Junko Tabei was the Japanese alpinist who became the first woman to scale Mount Everest and to ascend the highest summit of every continent! She died a few years ago at the age 77  but her Everest climb was seen as a  milestone for women — both in a field dominated by men and in a society who believed women couldn’t do it.

Meagan Martin

This professional climber, American Ninja Warrior competitor,  There’s no obstacle course, route, or dyno that Meagan Martin won’t try (and, most likely, execute beautifully). When she isn’t competing or training herself, she’s working as a youth coach at ABC Kids Climbing Gym in Boulder, Colorado.

Margo Hayes 

At the ripe old age of 19, Margo Hayes became the first woman to send (climb and finish successfully) a 5.15a-rated route: “La Rambla,” located in the mountains of Siurana, Spain.

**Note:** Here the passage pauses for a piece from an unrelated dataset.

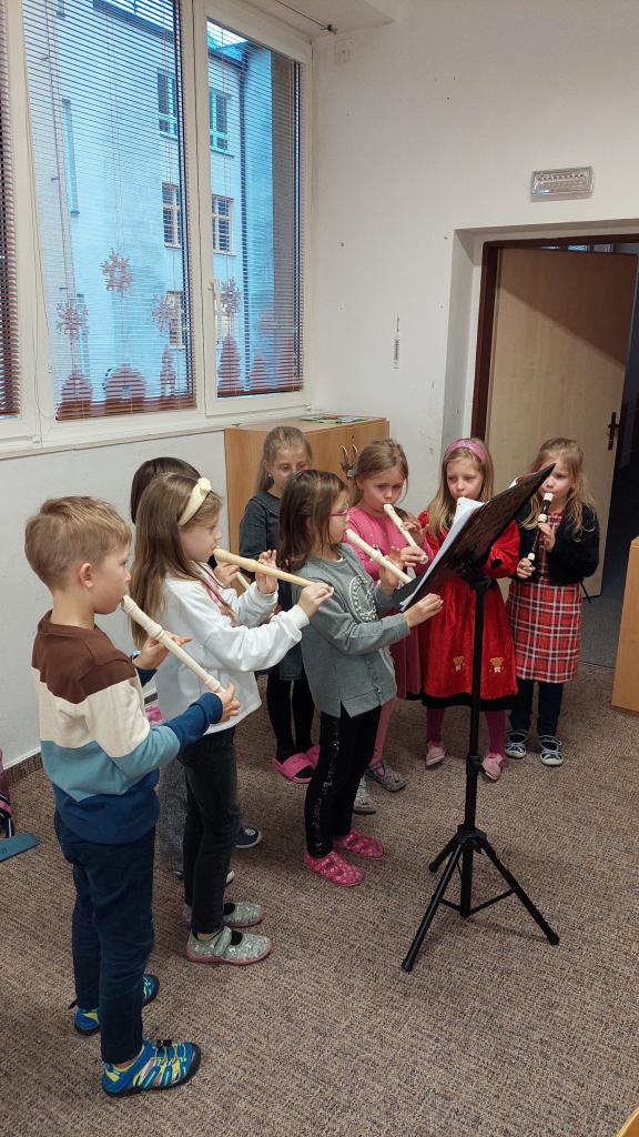 FLÉTNA je hudební kroužek, zde se děti učí hrát na zobcovou flétnu.
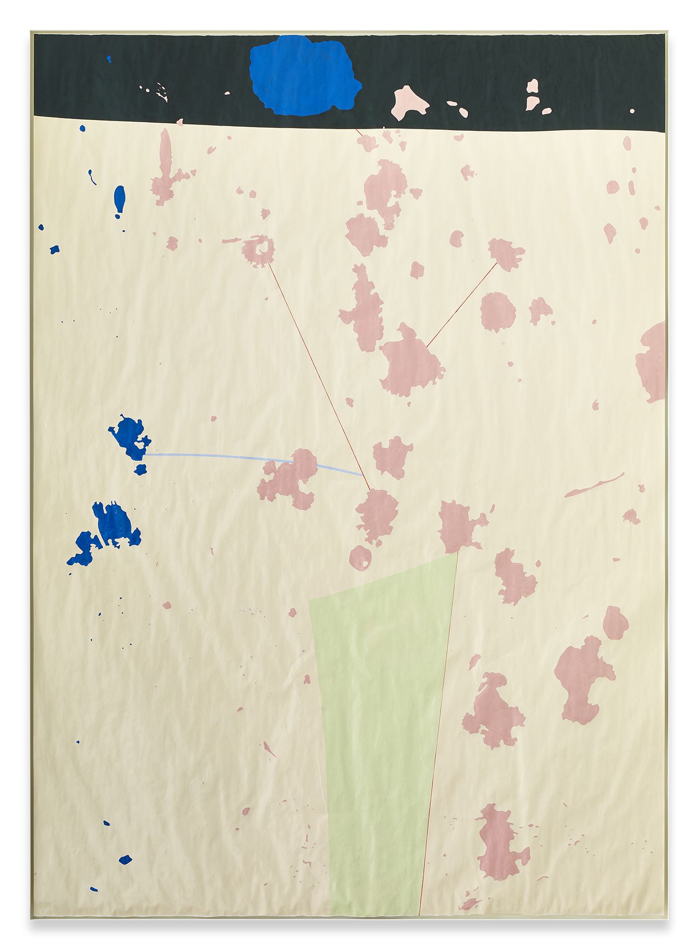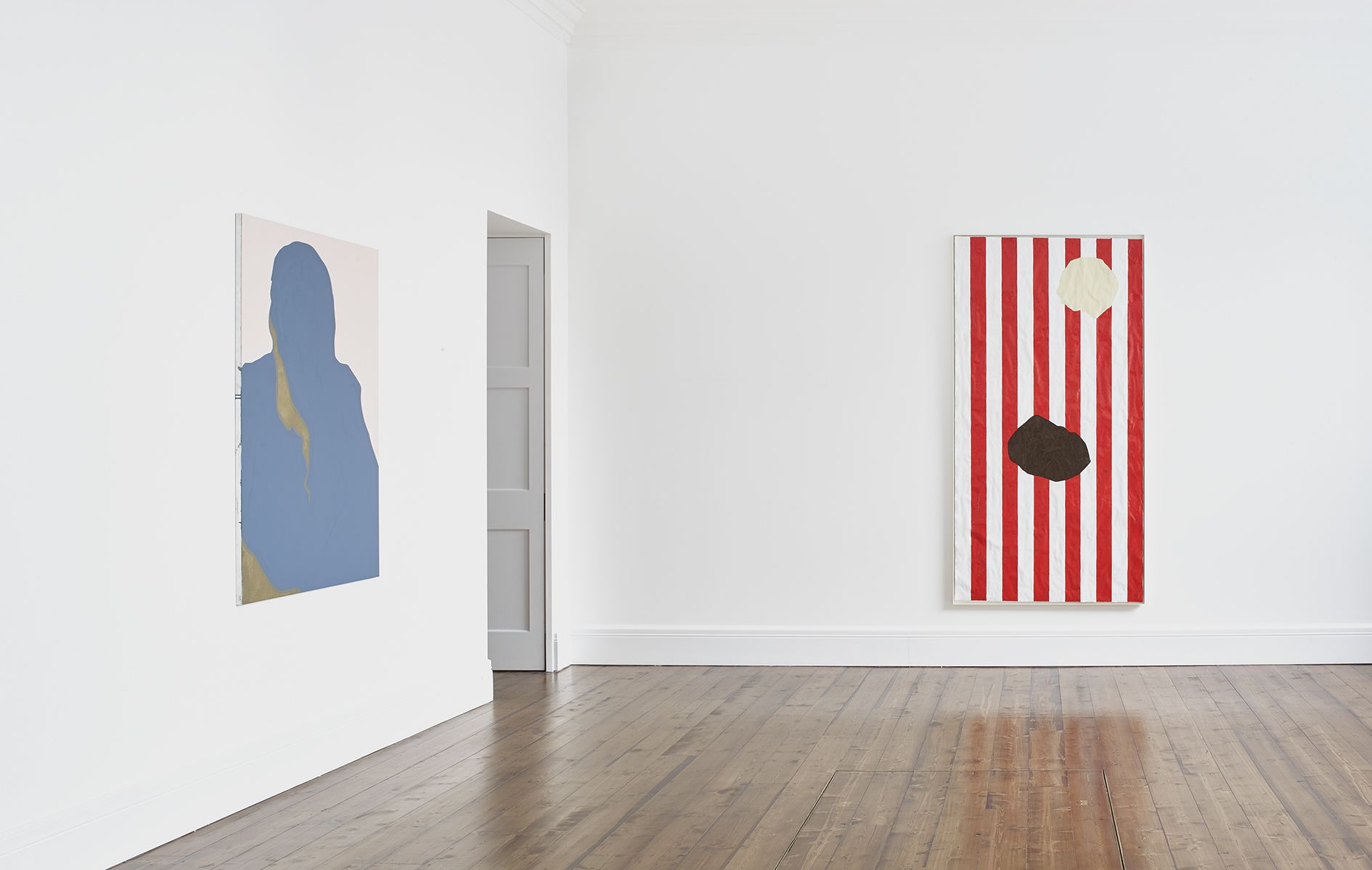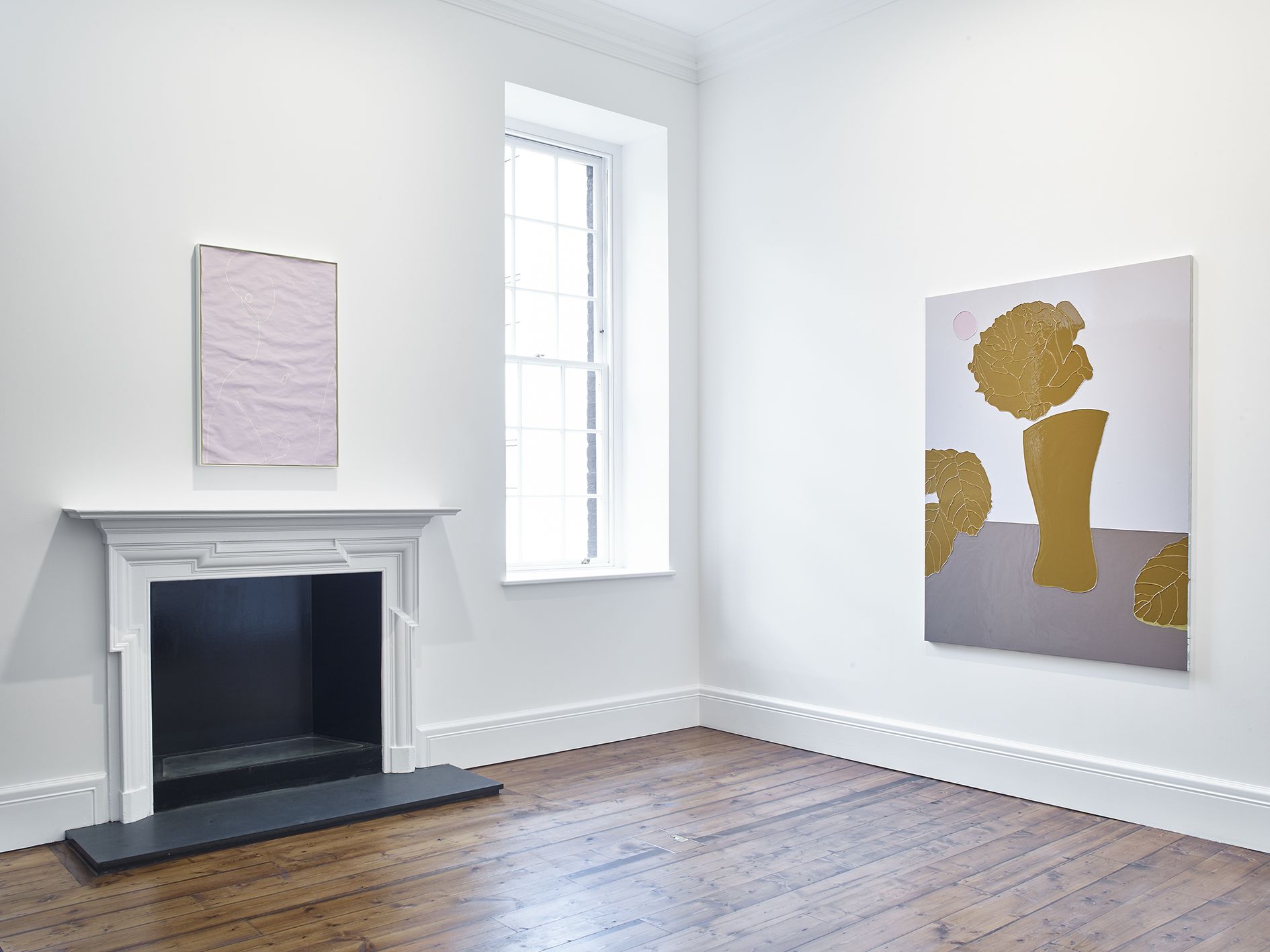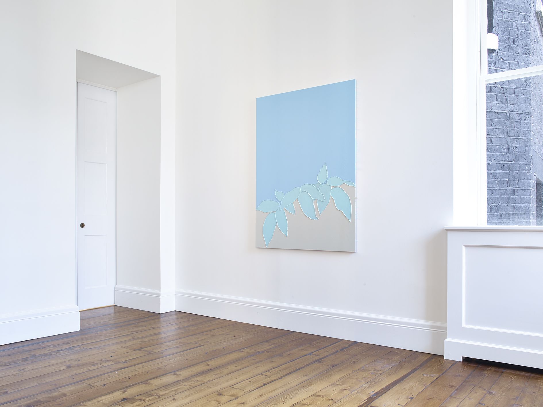 Gary Hume’s new body of works on paper mark a critical shift in his practice. Emerging from preparatory sketches, they revealed themselves as a unique and compelling body of work that has led the artist to develop an entirely new painting method. The use of domestic gloss paint is indicative of Hume’s practice, yet its effect on the paper ground enables a distinctive interplay between light, depth, and texture that stands in stark contrast to his characteristic aluminium paintings. The paper warps beneath the density of the paint, forming an undulating surface that departs from definitive flatness of his earlier works and creates a diffused reflection of light favouring ambiguity and openness. The formal properties of the new material prevent the artist from being able to scrape back the paint and rework an image as he can with aluminium. Without room for revision, the paintings on paper are much more akin to the medium of drawing, and develop only through the artist’s clear perception of the finished image. They are set in very thin aluminium tray frames, and their sculptural surface is unmediated by glass.

She’s inspiring and will make us all feel like we should have been doing more by the age of 19.

Angela Van Wiemeersch

A competitive figure skater in her youth and now an ice climber with numerous first ascents under her belt, Van Wiemeersch is right at home in environments that make most of us want to hide at home.  Even looking at her Instagram will make you cold!  We will warn you, looking at her Instagram might inspire you to be a badass.

Maureen Beck

As if climbing is not hard enough – can you imagine doing it with one hand? Well, that’s not a barrier for Maureen Beck whose mission is to normalize climbers with disabilities as fellow athletes in the climbing community.  As a competitive climber, she has won four national titles, a gold medal at the 2014 Paraclimbing World Championships in Spain, and defended that title with a gold medal at the 2016 World Championships in Paris.